## Task to carry out
In the records below, repeat word for word only the lines starting at the one that contains "Rich, warm walnut-brown, dark" and ending at the one that contains "Картхолдер на 5", pictures excluded.

(Records for processing Opens)

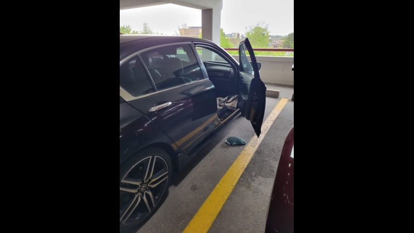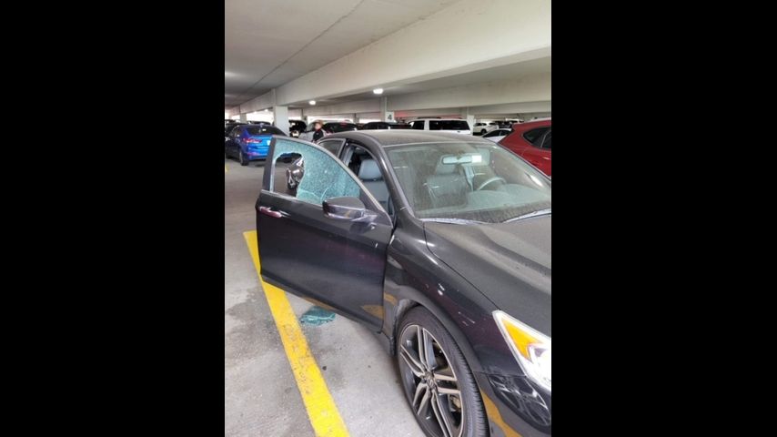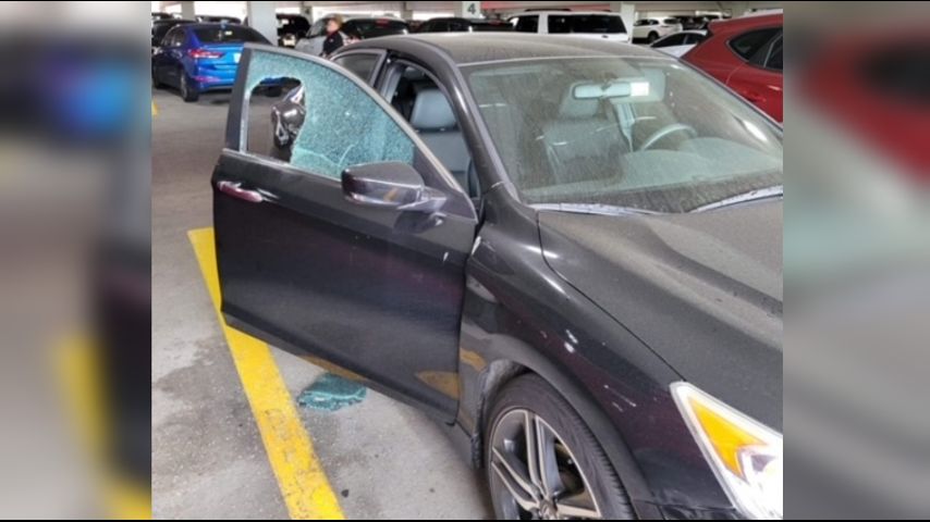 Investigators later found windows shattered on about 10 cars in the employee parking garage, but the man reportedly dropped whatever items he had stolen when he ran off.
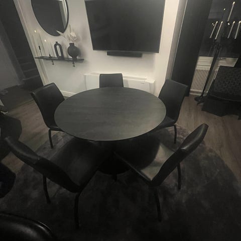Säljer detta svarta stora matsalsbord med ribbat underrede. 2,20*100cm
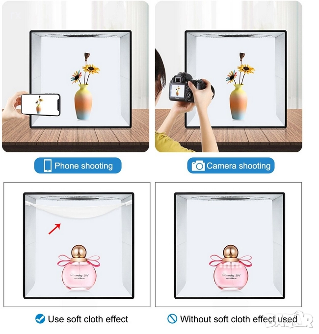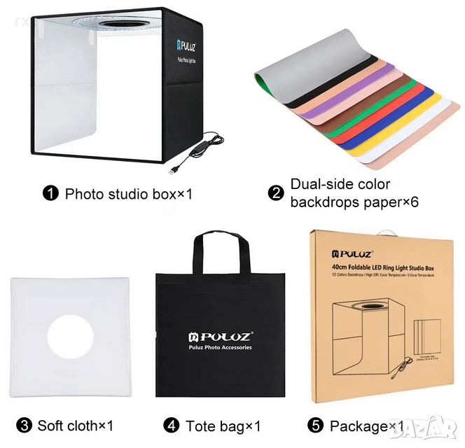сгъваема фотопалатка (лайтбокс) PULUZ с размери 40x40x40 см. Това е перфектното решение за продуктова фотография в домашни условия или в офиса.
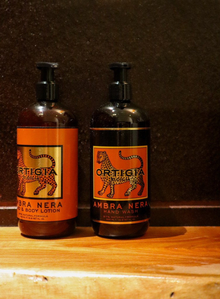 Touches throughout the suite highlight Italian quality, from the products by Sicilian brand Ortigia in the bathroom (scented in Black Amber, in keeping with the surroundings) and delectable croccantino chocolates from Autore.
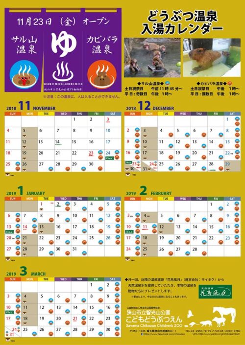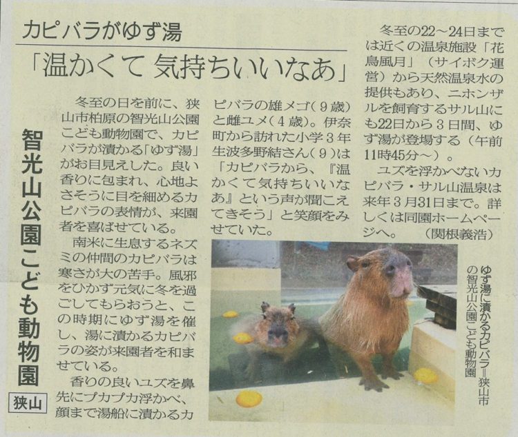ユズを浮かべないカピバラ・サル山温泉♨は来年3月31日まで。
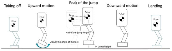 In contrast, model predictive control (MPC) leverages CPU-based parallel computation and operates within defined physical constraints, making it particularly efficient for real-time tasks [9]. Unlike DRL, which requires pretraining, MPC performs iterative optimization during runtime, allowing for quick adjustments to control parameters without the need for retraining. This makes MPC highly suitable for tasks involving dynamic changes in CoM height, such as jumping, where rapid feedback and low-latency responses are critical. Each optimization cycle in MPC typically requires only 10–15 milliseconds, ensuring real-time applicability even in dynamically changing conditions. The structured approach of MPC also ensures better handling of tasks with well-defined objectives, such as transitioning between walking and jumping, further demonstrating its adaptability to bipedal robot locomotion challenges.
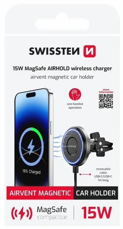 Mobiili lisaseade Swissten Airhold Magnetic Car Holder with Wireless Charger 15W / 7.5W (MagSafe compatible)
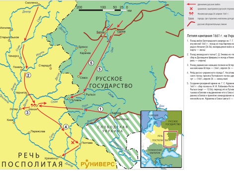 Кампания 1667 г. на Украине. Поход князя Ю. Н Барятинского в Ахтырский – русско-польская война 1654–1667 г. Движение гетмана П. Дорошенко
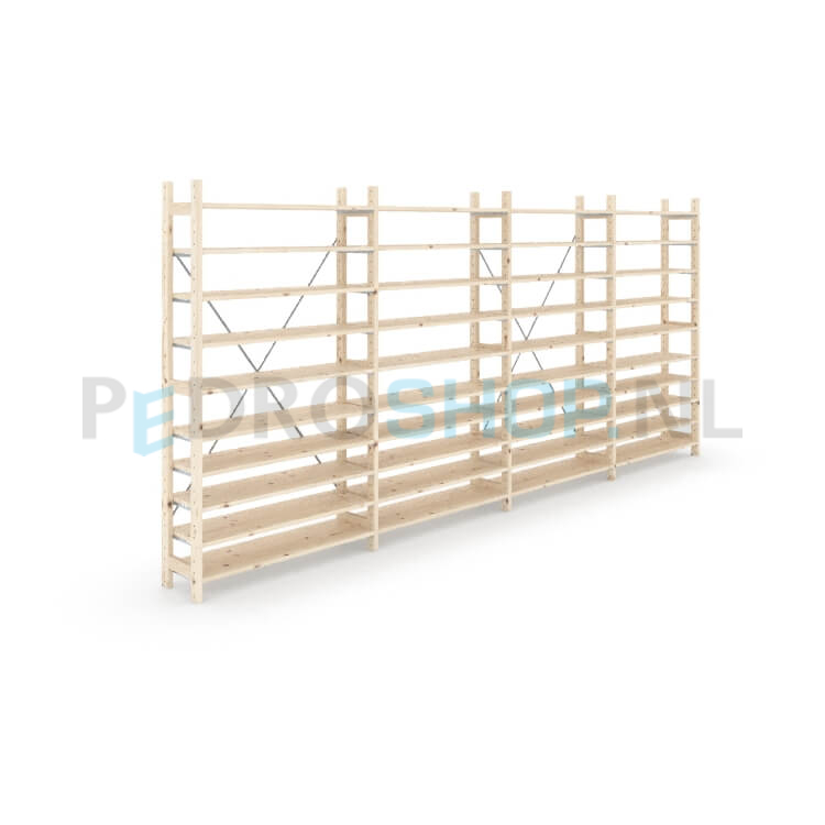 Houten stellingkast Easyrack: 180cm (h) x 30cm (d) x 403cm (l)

(Records for processing Closes)
(Records for processing Opens)

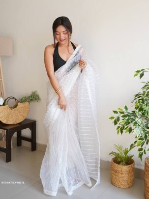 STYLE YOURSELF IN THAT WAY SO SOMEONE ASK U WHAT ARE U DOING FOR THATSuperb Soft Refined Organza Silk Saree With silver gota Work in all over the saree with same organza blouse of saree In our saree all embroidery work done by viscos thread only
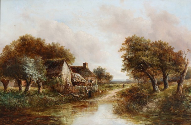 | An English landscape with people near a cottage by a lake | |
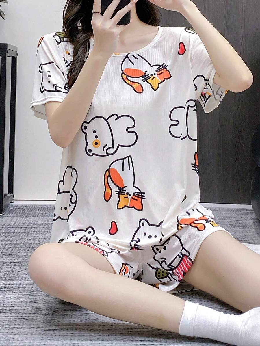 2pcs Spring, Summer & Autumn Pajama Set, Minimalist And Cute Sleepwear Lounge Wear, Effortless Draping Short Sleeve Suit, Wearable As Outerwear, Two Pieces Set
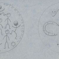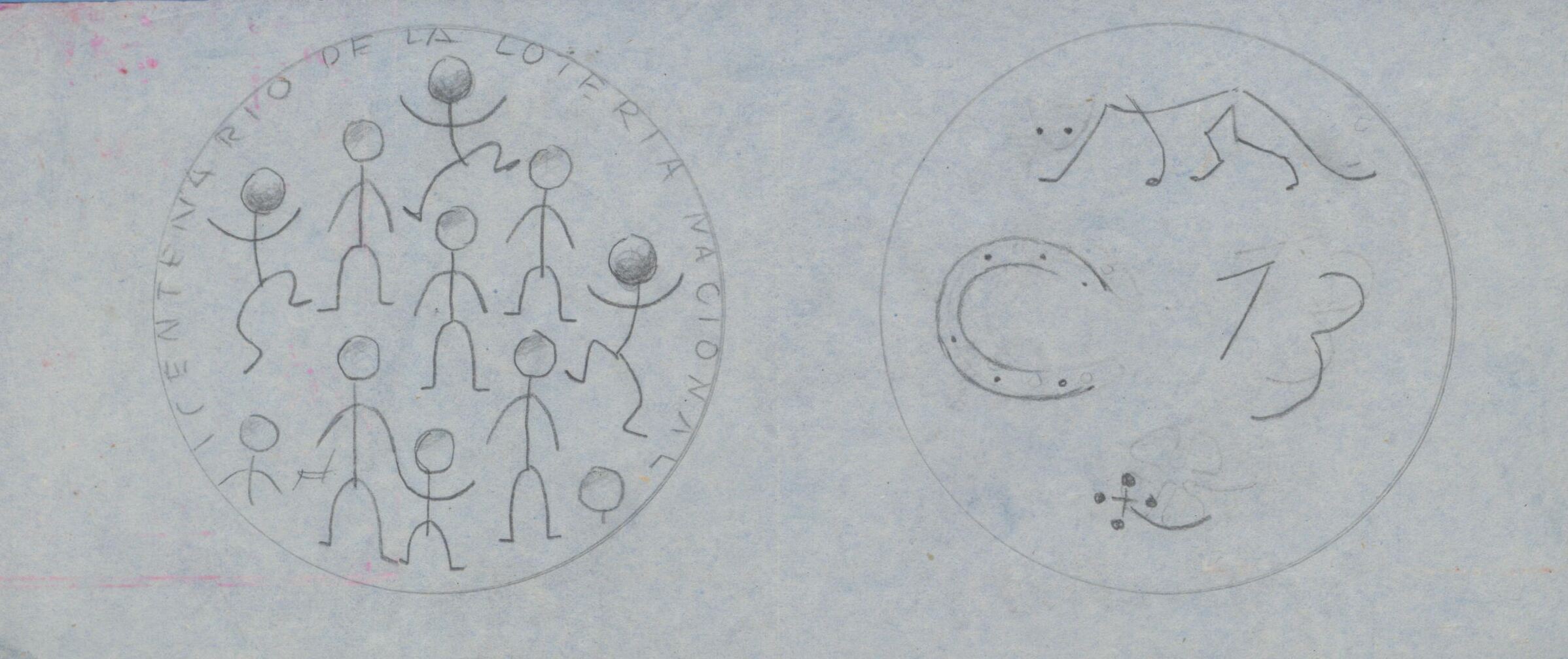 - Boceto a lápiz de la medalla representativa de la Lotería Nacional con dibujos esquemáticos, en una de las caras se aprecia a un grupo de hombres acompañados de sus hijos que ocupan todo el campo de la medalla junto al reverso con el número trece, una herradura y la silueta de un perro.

(Records for processing Closes)
(Records for processing Opens)

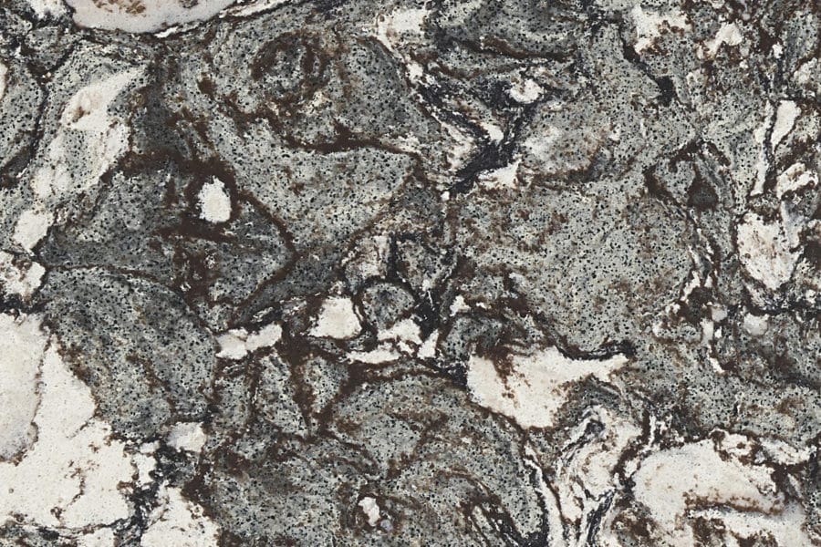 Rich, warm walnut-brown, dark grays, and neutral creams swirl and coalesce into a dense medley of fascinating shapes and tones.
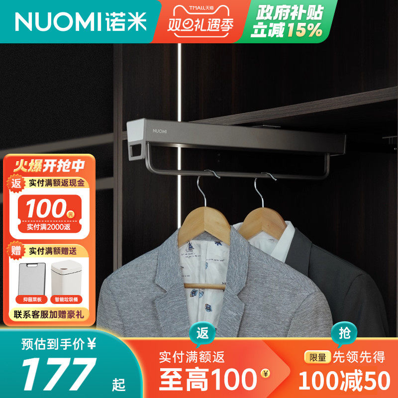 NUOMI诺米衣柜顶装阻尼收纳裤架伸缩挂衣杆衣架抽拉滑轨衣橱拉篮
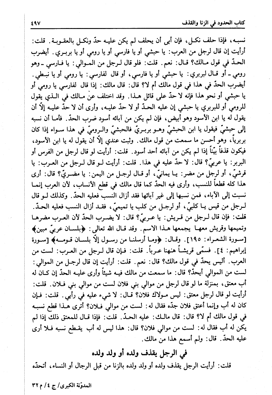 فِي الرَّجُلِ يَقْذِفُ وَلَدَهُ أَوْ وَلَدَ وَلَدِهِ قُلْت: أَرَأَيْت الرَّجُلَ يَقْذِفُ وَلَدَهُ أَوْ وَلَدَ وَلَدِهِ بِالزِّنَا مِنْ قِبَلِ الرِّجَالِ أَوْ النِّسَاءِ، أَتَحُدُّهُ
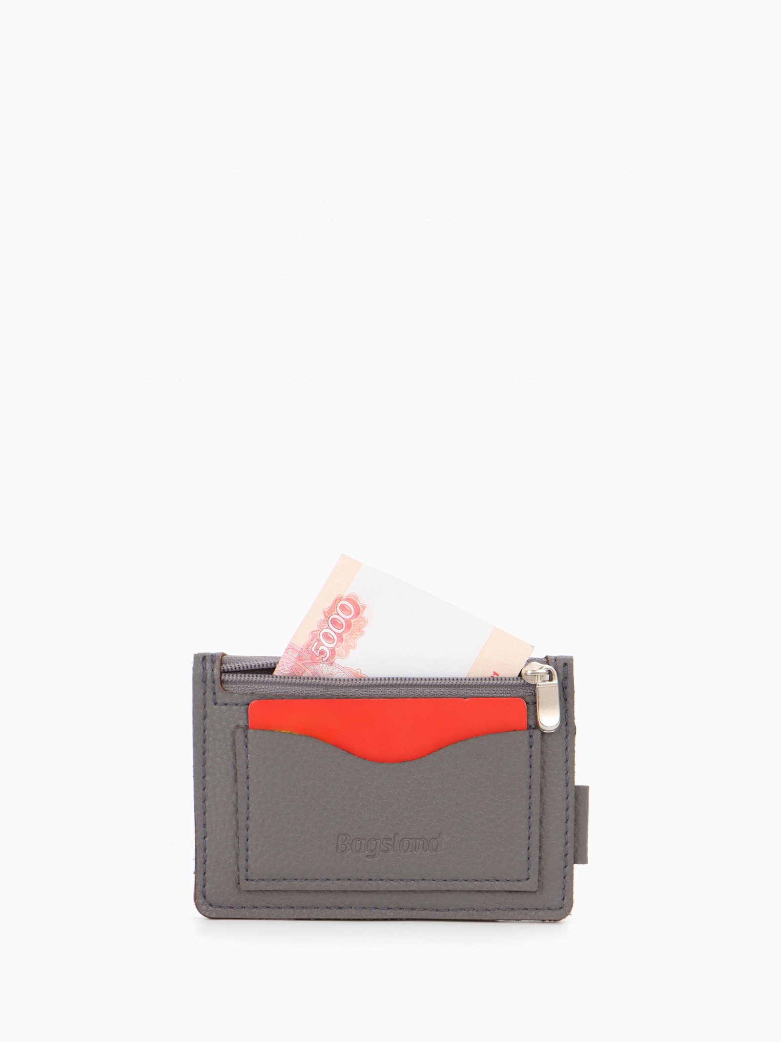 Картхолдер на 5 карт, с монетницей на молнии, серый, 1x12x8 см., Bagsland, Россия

(Records for processing Closes)

## Written solution
 Rich, warm walnut-brown, dark grays, and neutral creams swirl and coalesce into a dense medley of fascinating shapes and tones.
 NUOMI诺米衣柜顶装阻尼收纳裤架伸缩挂衣杆衣架抽拉滑轨衣橱拉篮
 فِي الرَّجُلِ يَقْذِفُ وَلَدَهُ أَوْ وَلَدَ وَلَدِهِ قُلْت: أَرَأَيْت الرَّجُلَ يَقْذِفُ وَلَدَهُ أَوْ وَلَدَ وَلَدِهِ بِالزِّنَا مِنْ قِبَلِ الرِّجَالِ أَوْ النِّسَاءِ، أَتَحُدُّهُ
 Картхолдер на 5 карт, с монетницей на молнии, серый, 1x12x8 см., Bagsland, Россия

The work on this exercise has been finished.